RECORD EXTRACTS:
====================
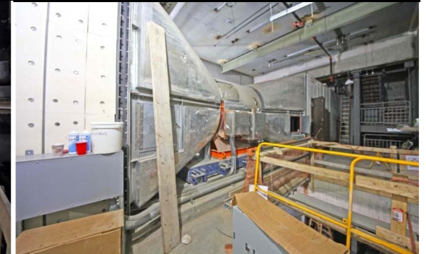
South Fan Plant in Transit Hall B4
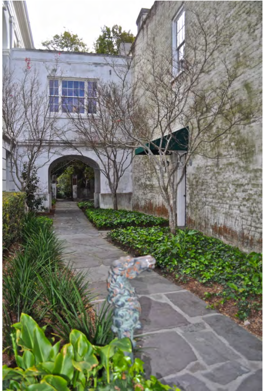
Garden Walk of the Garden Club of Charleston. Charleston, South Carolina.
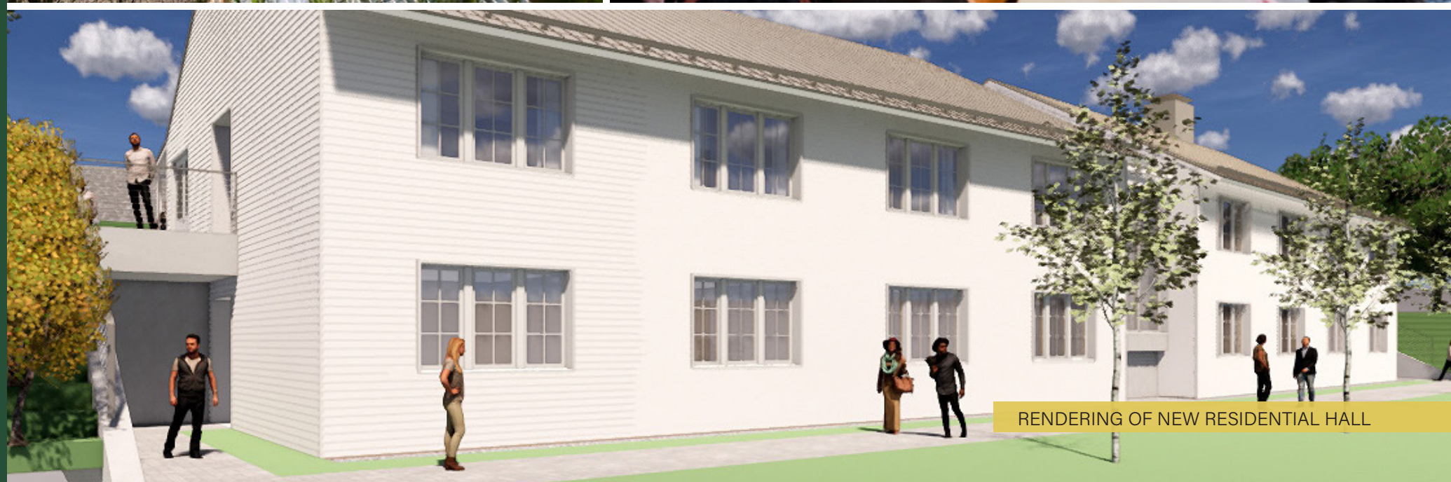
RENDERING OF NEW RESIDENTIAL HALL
====================
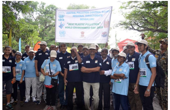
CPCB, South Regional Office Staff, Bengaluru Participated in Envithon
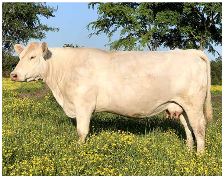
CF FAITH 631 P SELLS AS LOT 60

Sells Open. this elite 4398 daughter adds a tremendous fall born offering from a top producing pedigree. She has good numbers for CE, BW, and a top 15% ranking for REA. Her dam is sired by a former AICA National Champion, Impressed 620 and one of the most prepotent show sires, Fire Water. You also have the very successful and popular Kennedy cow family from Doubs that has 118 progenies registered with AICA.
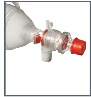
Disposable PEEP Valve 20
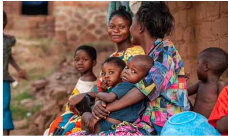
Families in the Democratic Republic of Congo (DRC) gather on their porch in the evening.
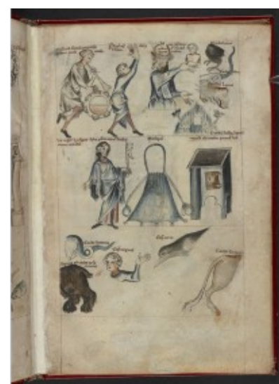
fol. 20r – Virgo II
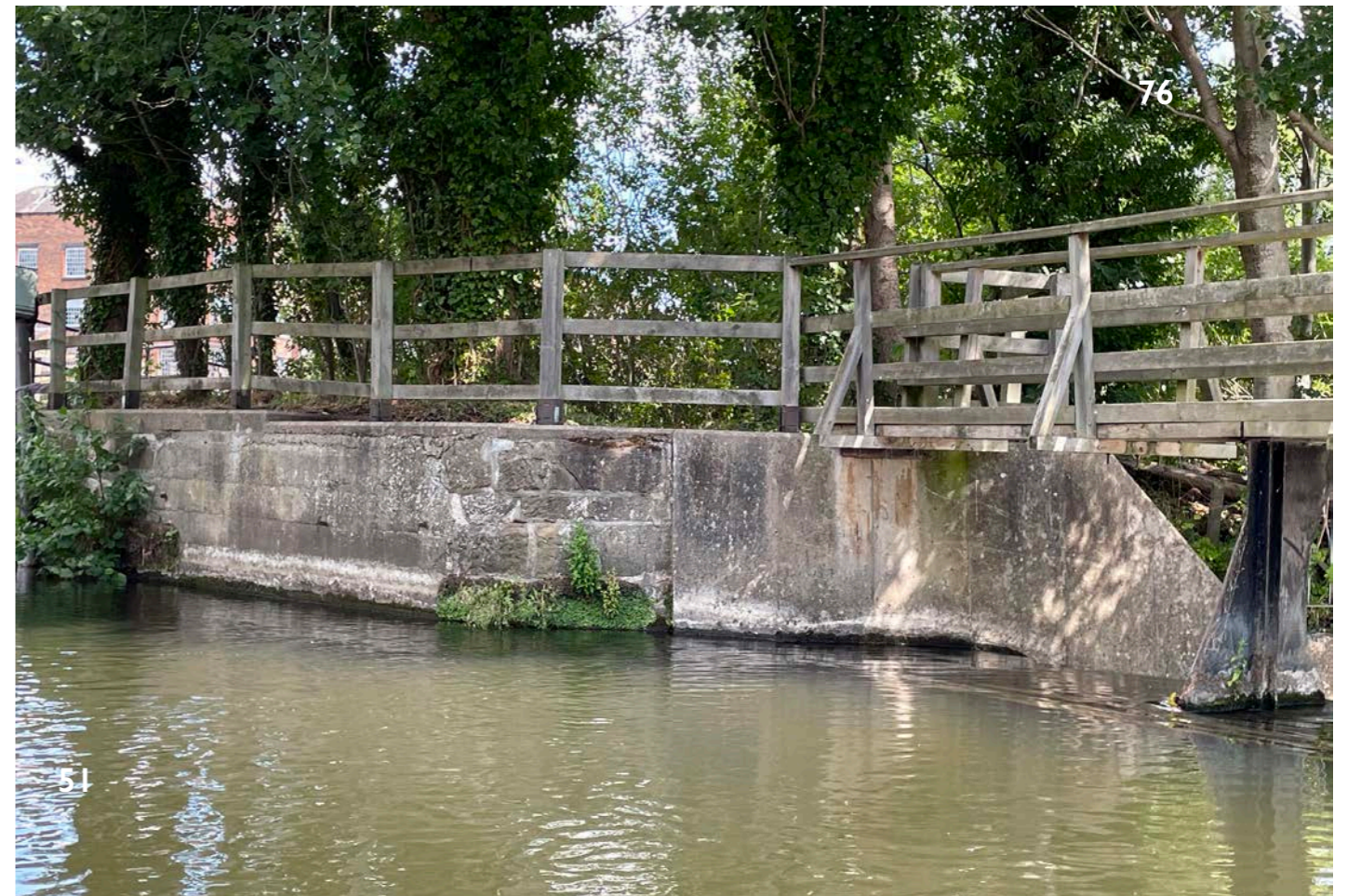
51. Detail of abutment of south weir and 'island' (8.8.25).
====================
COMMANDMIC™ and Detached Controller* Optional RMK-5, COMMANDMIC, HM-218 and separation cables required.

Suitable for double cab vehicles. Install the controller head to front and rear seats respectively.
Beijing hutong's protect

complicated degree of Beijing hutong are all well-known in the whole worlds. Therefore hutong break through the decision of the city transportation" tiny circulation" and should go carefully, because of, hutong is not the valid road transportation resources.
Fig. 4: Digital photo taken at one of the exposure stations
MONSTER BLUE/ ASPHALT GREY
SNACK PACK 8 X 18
====================
TASK DIRECTIONS: A single figure, please: the number of lines in the data that hold the string "hutong".

ANSWER FOR THIS EXERCISE: 2